Douglas A. McIntyre is the co-founder, chief executive officer and editor in chief of 24/7 Wall St. and 24/7 Tempo. He has held these jobs since 2006.

McIntyre has written thousands of articles for 24/7 Wall St. He is an expert on corporate finance, the automotive industry, media companies and international finance. He has edited articles on national demographics, sports, personal income and travel.

His work has been quoted or mentioned in The New York Times, The Wall Street Journal, Los Angeles Times, The Washington Post, NBC News, Time, The New Yorker, HuffPost USA Today, Business Insider, Yahoo, AOL, MarketWatch, The Atlantic, Bloomberg, New York Post, Chicago Tribune, Forbes, The Guardian and many other major publications.

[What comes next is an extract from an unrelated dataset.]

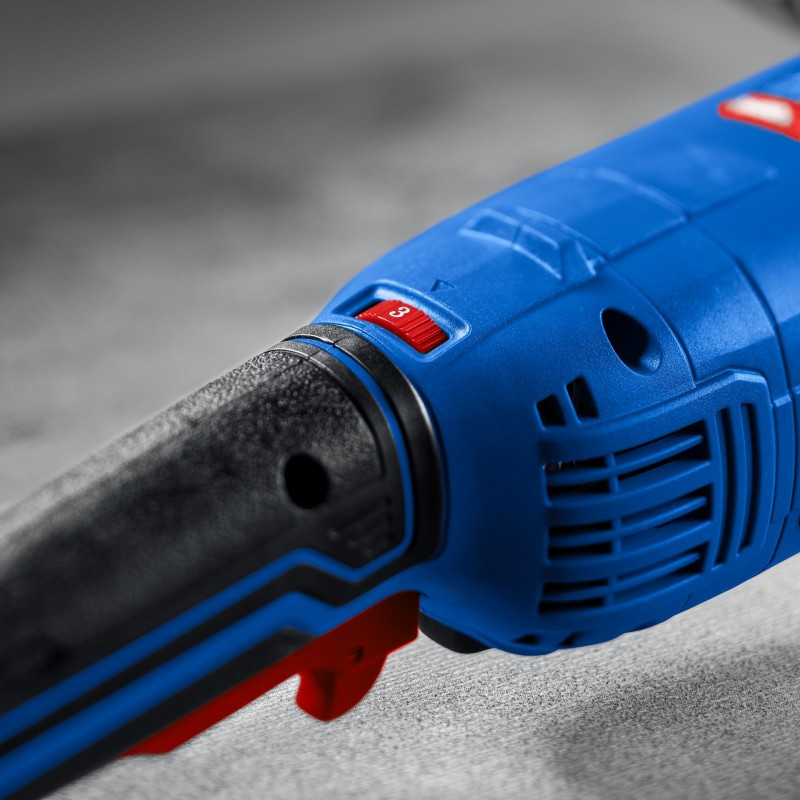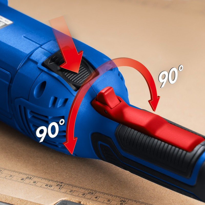 - Широкий эргономичный выключатель с пылезащитой, блокировкой непреднамеренного включения, а также фиксацией во включенном положении

McIntyre has been a guest on CNBC, the BBC and television and radio stations across the country.

A magna cum laude graduate of Harvard College, McIntyre also was president of The Harvard Advocate. Founded in 1866, the Advocate is the oldest college publication in the United States.

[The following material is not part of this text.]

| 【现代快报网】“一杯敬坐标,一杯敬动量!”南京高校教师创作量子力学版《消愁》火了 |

TheStreet.com, Comps.com and Edgar Online are some of the public companies for which McIntyre served on the board of directors. He was a Vicinity Corporation board member when the company was sold to Microsoft in 2002. He served on the audit committees of some of these companies.

McIntyre has been the CEO of FutureSource, a provider of trading terminals and news to commodities and futures traders. He was president of Switchboard, the online phone directory company. He served as chairman and CEO of On2 Technologies, the video compression company that provided video compression software for Adobe’s Flash. Google bought On2 in 2009.